§ Records to process

|---|

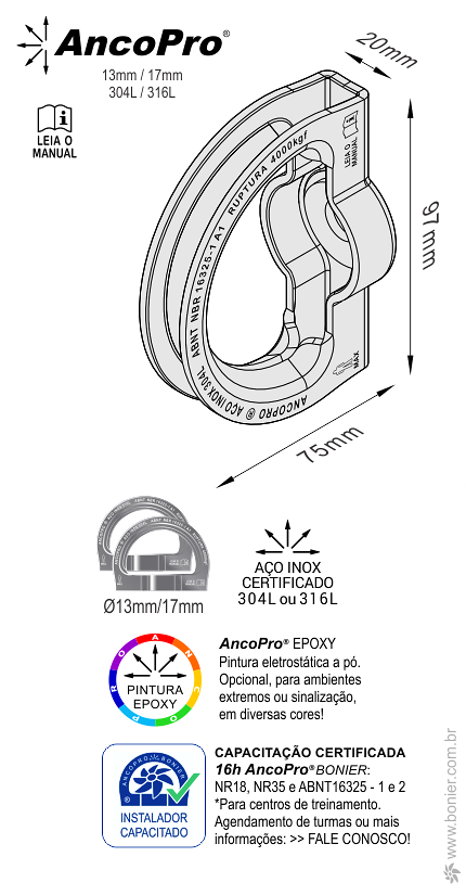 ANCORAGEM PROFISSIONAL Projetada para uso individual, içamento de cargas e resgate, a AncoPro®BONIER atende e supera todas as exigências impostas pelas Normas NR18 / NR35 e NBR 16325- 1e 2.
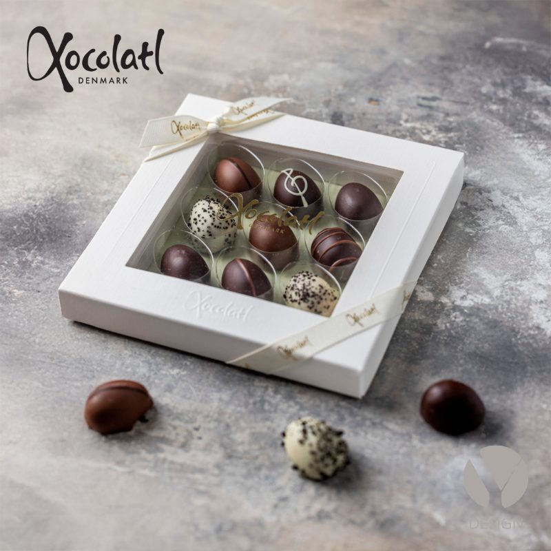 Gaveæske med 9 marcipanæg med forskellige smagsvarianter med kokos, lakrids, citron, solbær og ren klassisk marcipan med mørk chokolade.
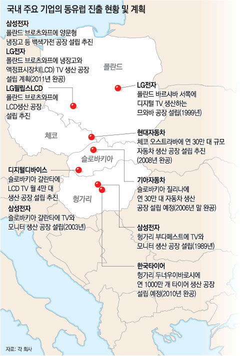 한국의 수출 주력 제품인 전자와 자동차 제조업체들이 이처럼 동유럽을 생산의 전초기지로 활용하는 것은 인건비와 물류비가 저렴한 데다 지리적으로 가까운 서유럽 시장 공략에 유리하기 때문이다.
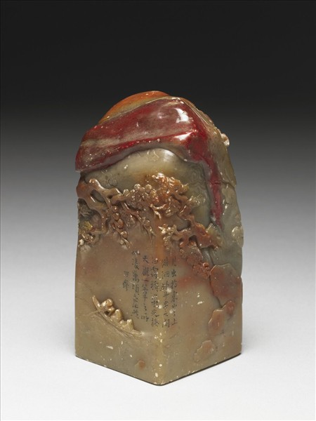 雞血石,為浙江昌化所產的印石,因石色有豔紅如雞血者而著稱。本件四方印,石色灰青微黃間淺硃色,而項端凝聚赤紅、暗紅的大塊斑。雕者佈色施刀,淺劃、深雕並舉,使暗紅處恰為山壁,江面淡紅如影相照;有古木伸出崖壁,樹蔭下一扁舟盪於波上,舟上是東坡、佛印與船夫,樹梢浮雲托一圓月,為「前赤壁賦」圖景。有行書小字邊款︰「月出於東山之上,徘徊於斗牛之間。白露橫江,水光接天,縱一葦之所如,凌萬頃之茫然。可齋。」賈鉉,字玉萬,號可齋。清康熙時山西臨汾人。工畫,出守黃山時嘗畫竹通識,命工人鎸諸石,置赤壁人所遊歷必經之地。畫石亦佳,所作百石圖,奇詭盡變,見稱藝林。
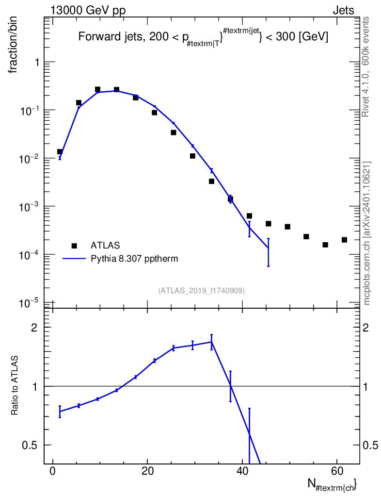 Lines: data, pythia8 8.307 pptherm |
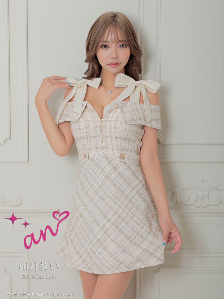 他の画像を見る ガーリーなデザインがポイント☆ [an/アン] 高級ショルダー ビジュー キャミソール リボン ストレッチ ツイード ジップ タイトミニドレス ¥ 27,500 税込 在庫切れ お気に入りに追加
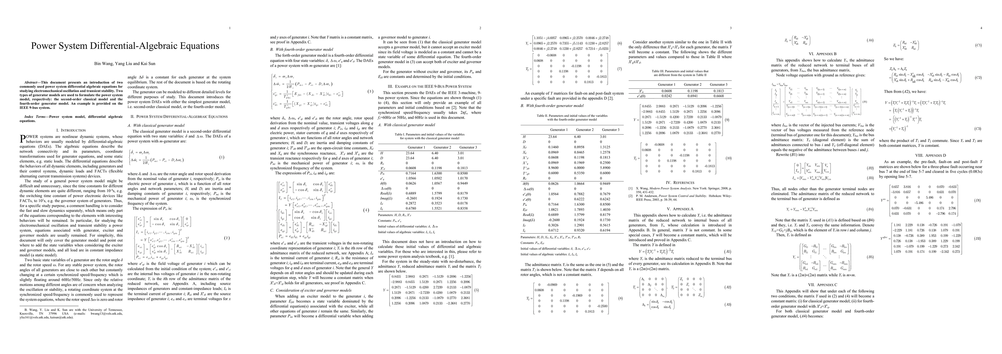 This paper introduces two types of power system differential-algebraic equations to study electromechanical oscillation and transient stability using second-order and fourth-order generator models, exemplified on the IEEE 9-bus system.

|---|

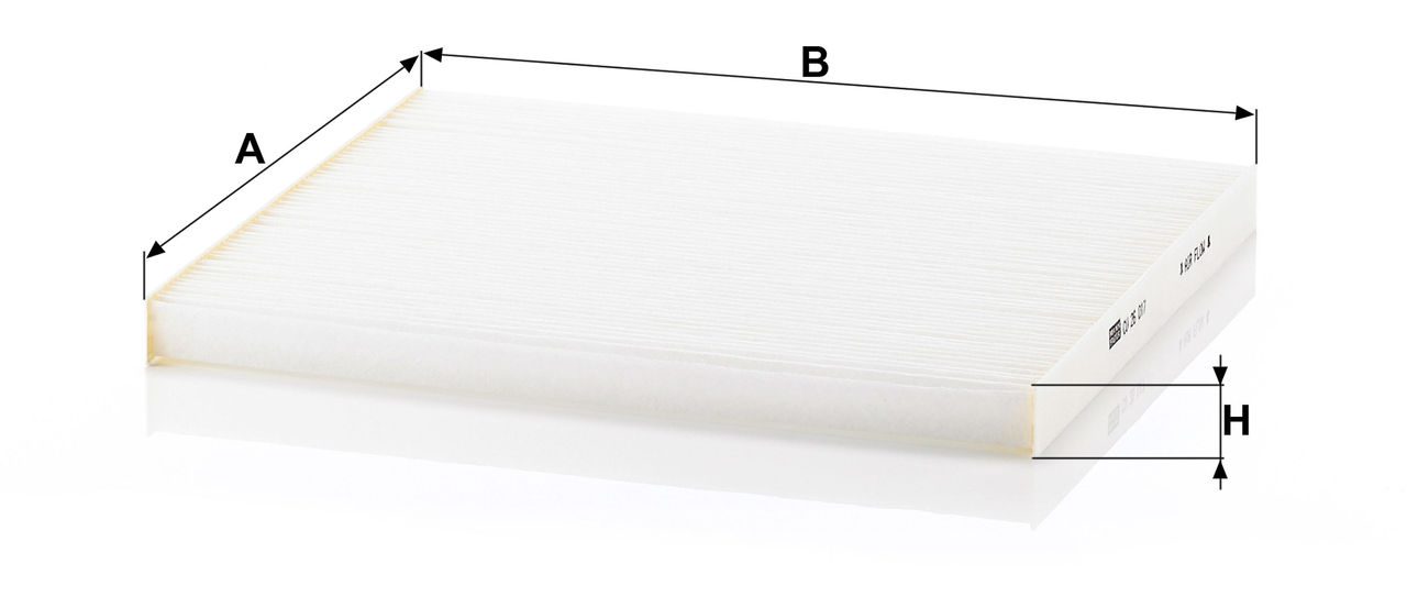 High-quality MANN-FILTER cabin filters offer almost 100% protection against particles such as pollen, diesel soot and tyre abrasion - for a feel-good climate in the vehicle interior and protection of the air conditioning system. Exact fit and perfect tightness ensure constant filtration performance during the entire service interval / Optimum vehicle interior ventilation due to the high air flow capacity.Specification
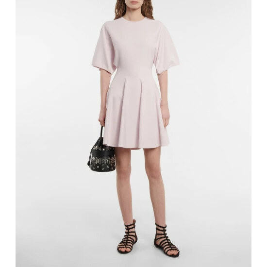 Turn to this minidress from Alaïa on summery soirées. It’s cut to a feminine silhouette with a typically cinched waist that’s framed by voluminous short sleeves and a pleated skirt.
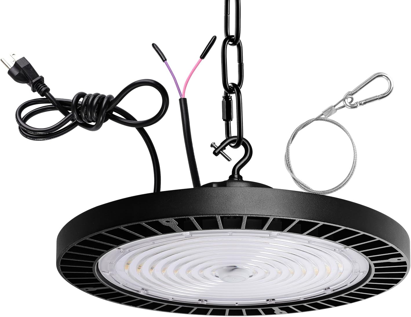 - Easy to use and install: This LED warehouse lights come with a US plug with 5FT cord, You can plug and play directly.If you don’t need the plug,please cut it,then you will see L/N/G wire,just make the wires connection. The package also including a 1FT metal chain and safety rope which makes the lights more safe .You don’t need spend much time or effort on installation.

|---|

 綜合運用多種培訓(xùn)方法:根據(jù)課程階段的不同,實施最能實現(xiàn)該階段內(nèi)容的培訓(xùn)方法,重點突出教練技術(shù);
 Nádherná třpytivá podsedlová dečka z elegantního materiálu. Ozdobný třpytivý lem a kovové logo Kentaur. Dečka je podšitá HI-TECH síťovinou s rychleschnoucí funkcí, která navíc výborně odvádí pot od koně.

|---|

§ Assignment
Quote the listing above, but only from the line that shows "綜合運用多種培訓(xùn)方" through the line that shows "Nádherná třpytivá podsedlová".

§ Reply
 綜合運用多種培訓(xùn)方法:根據(jù)課程階段的不同,實施最能實現(xiàn)該階段內(nèi)容的培訓(xùn)方法,重點突出教練技術(shù);
 Nádherná třpytivá podsedlová dečka z elegantního materiálu. Ozdobný třpytivý lem a kovové logo Kentaur. Dečka je podšitá HI-TECH síťovinou s rychleschnoucí funkcí, která navíc výborně odvádí pot od koně.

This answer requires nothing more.